Nine and Foxtel agree to return of 20-round NRL competition, but payment details remain unresolved

The argy-bargy between the Australian Rugby League Commission (ARLC) and its television broadcast partners, Nine and Foxtel, has reached a partial resolution, with the National Ruby League (NRL) competition set to return on 28 May with a 20-round season.

Exact details, however, including how much the broadcasters will pay for the altered season, remain unresolved.

Mumbrella understands the television partners don’t want to overpay for the competition – particularly when it is unlikely to be able to showcase the atmosphere generated by live crowds.
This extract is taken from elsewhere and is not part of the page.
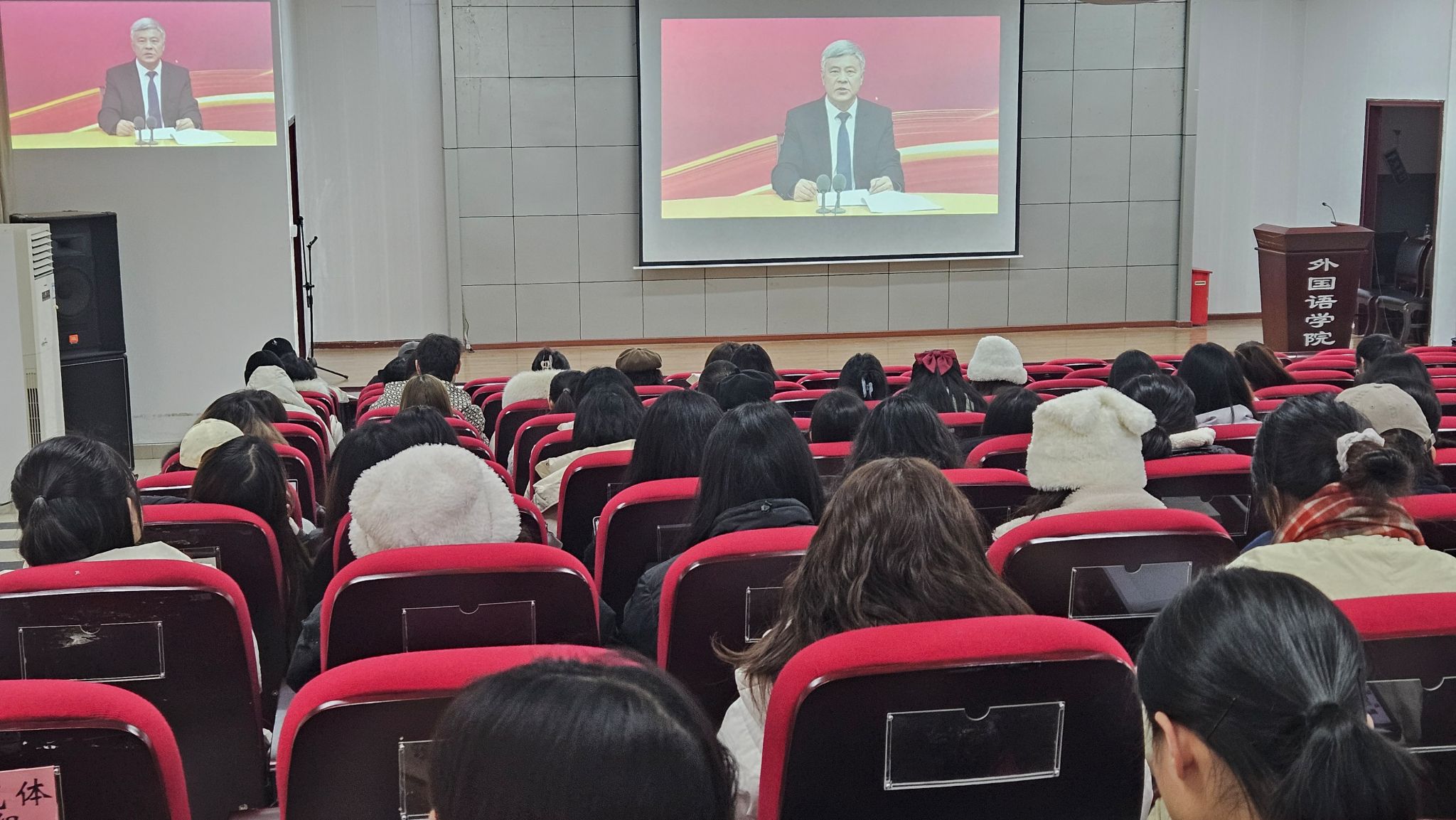 为进一步提升学院全体学生党员政治理论修养,加强对党的二十届三中全会精神的理解,2024年12月19日下午,外国语学院党委召开全体学生党员大会,集中学习中央党校(国家行政学院)副校长(副院长)谢春涛教授所作的《深入学习贯彻习近平总书记关于全面深化改革的一系列新思想、新观点、新论断和党的二十届三中全会精神》专题报告,学院党委委员、组织员刘培老师主持会议。

The NRL will be back in one month’s time

The sporting body and Nine had been at loggerheads over the timing and format of the competition’s return, with Nine going as far as accusing the ARLC of wasting large sums of money over many years.

The broadcast of the NRL’s return is further complicated by the ICC (International Cricket Council) T20 World Cup due to take place in October, which Nine also holds the rights to. The NRL’s State of Origin – a series of three NRL matches between a NSW and Queensland team – also generally takes place throughout winter.

The new agreement between the broadcasters and the ARLC will see teams play five opposition clubs twice before a normal final series takes place. The two rounds played in March, before it became untenable due to the COVID-19 crisis, will count towards the competition.

It’s likely the State of Origin series will run across a concentrated three-week period in November.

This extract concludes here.